Description of the task =>
Each line in the material below, starting at the one with "大理石方志馆里,一名游客正在观赏大理石画(摄于4月3日)。(新华网 赵普凡 摄)" and ending at the one with "Beschreibung: Boszorkányt mintázó", is to be reproduced exactly; no picture is to be copied.

Provided records =>
>>>>

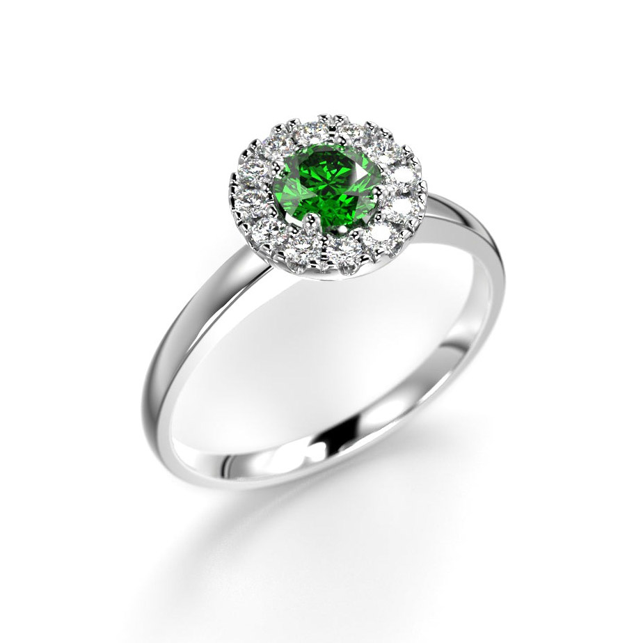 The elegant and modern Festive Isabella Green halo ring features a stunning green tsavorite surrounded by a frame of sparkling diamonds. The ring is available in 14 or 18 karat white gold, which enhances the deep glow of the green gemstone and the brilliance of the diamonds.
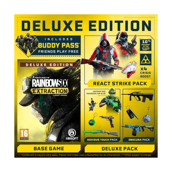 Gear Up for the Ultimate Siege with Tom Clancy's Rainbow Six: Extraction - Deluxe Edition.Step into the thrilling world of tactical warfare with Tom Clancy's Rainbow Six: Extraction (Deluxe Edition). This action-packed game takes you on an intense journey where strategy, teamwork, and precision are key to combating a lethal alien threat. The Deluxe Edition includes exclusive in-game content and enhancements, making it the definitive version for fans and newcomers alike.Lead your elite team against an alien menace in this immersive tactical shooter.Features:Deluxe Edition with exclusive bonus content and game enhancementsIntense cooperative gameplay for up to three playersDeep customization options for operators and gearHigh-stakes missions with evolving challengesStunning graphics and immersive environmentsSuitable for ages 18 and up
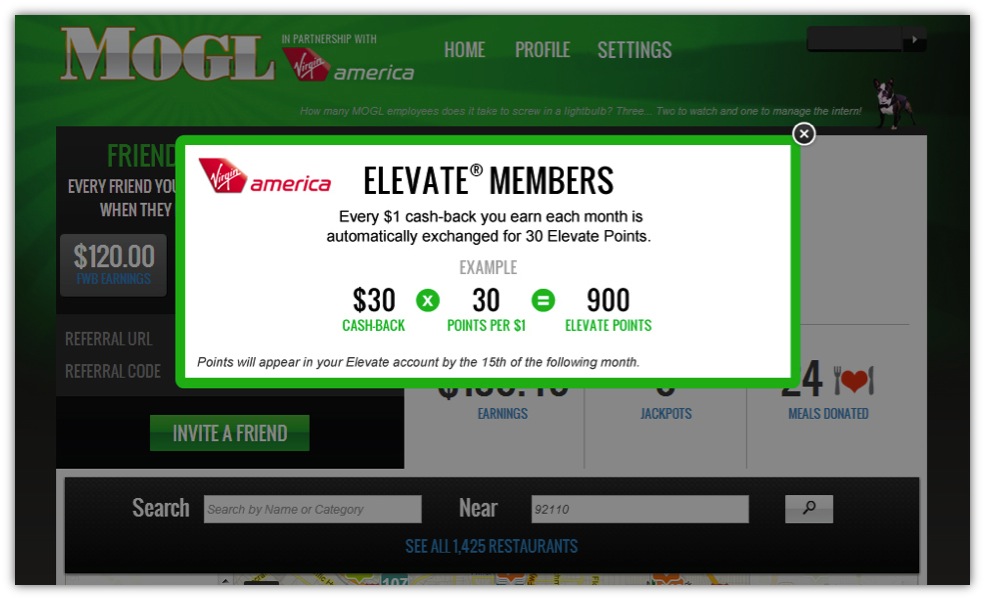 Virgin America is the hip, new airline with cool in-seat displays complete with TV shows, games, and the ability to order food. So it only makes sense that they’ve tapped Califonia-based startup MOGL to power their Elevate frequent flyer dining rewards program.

<<<<
>>>>

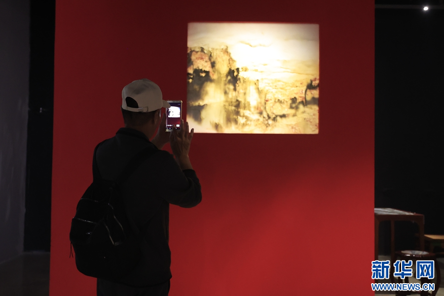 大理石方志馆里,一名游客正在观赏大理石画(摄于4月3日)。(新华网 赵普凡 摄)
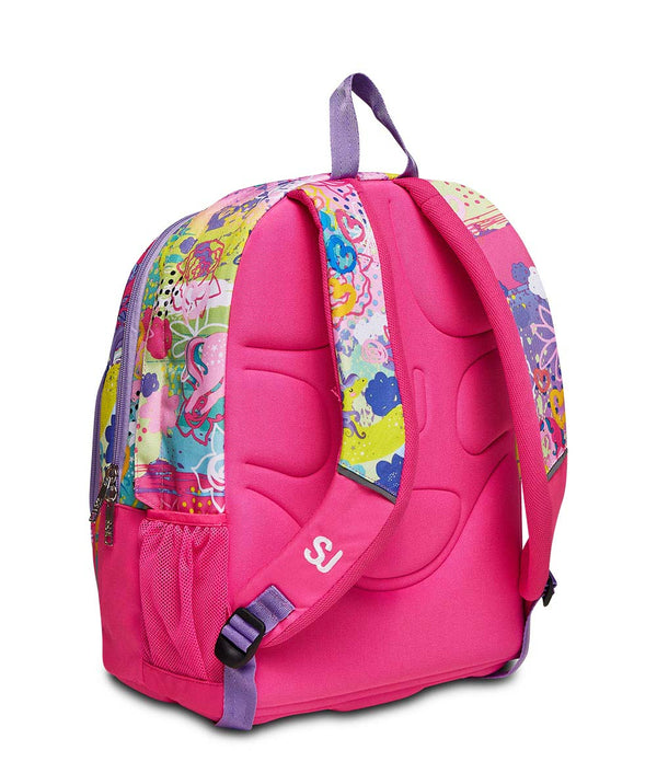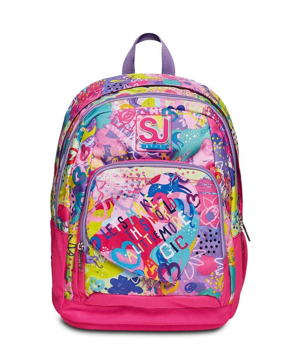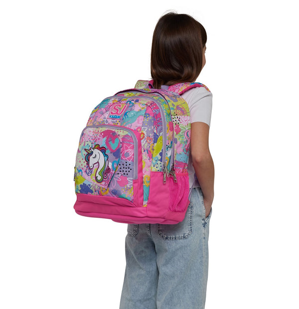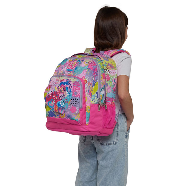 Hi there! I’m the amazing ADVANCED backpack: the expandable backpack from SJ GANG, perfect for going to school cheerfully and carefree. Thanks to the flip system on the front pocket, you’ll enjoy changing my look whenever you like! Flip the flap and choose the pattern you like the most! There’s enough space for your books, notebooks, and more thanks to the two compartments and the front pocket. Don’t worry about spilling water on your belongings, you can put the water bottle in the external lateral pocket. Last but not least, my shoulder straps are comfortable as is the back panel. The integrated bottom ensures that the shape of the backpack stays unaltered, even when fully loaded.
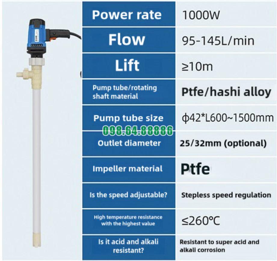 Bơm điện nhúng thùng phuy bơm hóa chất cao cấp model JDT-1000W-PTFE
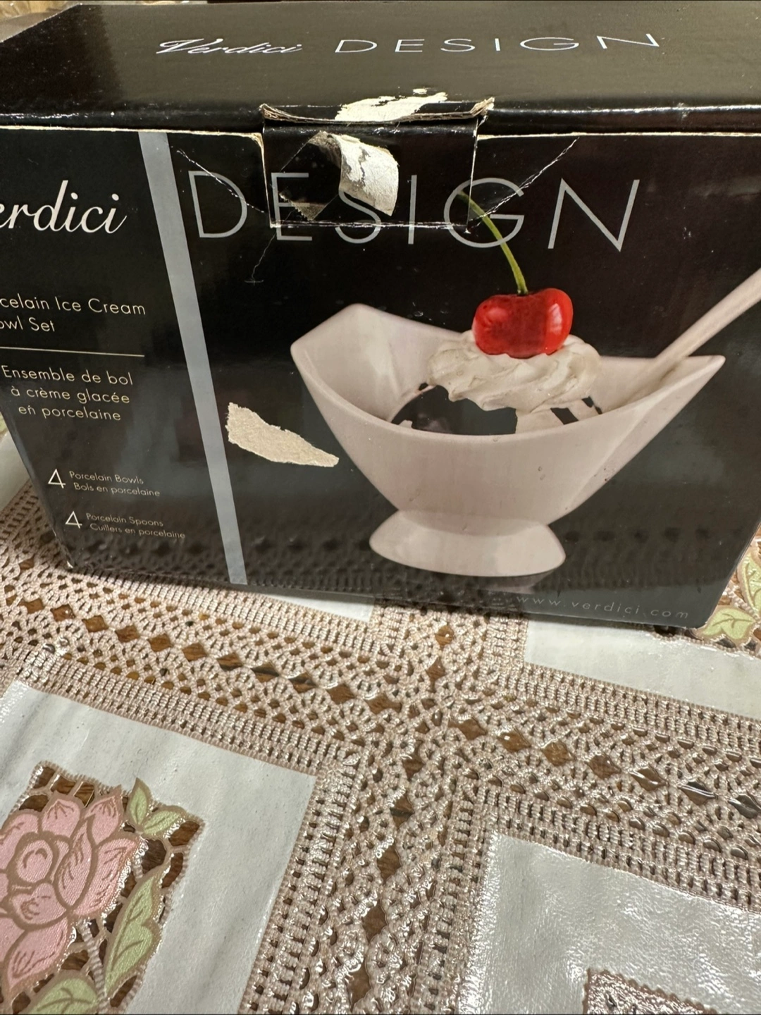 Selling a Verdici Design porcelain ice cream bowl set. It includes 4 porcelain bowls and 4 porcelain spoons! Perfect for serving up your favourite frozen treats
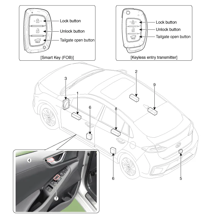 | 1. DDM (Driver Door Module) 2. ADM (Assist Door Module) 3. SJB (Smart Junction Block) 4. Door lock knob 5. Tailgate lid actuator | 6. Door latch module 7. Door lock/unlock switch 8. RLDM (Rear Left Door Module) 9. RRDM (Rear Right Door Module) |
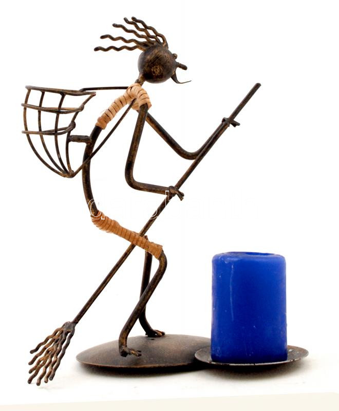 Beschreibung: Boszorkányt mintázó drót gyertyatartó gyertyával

<<<<
>>>>

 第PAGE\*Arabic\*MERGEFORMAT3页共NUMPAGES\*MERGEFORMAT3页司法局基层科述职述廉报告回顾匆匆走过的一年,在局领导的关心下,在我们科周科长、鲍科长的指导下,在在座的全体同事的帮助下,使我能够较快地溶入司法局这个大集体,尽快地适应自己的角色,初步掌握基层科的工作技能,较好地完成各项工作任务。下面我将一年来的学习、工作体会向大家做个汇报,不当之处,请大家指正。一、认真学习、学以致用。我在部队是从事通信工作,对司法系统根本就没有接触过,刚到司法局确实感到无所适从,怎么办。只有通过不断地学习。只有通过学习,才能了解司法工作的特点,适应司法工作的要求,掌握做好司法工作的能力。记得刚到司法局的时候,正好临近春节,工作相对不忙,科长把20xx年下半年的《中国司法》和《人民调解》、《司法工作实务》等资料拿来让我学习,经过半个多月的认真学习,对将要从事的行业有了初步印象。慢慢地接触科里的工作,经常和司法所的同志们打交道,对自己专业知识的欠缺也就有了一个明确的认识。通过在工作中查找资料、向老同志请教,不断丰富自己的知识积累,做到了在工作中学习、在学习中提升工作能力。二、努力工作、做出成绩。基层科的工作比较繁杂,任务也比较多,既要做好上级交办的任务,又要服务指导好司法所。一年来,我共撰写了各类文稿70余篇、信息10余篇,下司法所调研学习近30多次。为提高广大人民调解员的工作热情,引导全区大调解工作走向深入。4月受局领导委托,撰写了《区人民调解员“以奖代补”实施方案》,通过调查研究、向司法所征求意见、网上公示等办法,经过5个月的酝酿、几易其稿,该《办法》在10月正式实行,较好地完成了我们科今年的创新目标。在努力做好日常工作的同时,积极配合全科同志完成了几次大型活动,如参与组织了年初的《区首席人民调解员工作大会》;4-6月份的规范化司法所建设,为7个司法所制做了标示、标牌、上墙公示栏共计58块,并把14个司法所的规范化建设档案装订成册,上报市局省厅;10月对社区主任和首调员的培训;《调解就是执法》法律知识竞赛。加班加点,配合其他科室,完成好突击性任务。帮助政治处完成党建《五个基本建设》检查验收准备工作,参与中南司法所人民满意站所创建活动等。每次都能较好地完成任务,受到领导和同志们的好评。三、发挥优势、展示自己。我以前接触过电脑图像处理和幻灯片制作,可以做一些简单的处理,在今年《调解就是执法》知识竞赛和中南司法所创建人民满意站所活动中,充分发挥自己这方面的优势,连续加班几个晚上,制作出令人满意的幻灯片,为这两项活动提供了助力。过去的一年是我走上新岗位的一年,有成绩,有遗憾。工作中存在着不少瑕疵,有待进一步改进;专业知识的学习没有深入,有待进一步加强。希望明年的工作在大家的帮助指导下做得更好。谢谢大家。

<<<<

Completed task =>
 大理石方志馆里,一名游客正在观赏大理石画(摄于4月3日)。(新华网 赵普凡 摄)
 Hi there! I’m the amazing ADVANCED backpack: the expandable backpack from SJ GANG, perfect for going to school cheerfully and carefree. Thanks to the flip system on the front pocket, you’ll enjoy changing my look whenever you like! Flip the flap and choose the pattern you like the most! There’s enough space for your books, notebooks, and more thanks to the two compartments and the front pocket. Don’t worry about spilling water on your belongings, you can put the water bottle in the external lateral pocket. Last but not least, my shoulder straps are comfortable as is the back panel. The integrated bottom ensures that the shape of the backpack stays unaltered, even when fully loaded.
 Bơm điện nhúng thùng phuy bơm hóa chất cao cấp model JDT-1000W-PTFE
 Selling a Verdici Design porcelain ice cream bowl set. It includes 4 porcelain bowls and 4 porcelain spoons! Perfect for serving up your favourite frozen treats
 | 1. DDM (Driver Door Module) 2. ADM (Assist Door Module) 3. SJB (Smart Junction Block) 4. Door lock knob 5. Tailgate lid actuator | 6. Door latch module 7. Door lock/unlock switch 8. RLDM (Rear Left Door Module) 9. RRDM (Rear Right Door Module) |
 Beschreibung: Boszorkányt mintázó drót gyertyatartó gyertyával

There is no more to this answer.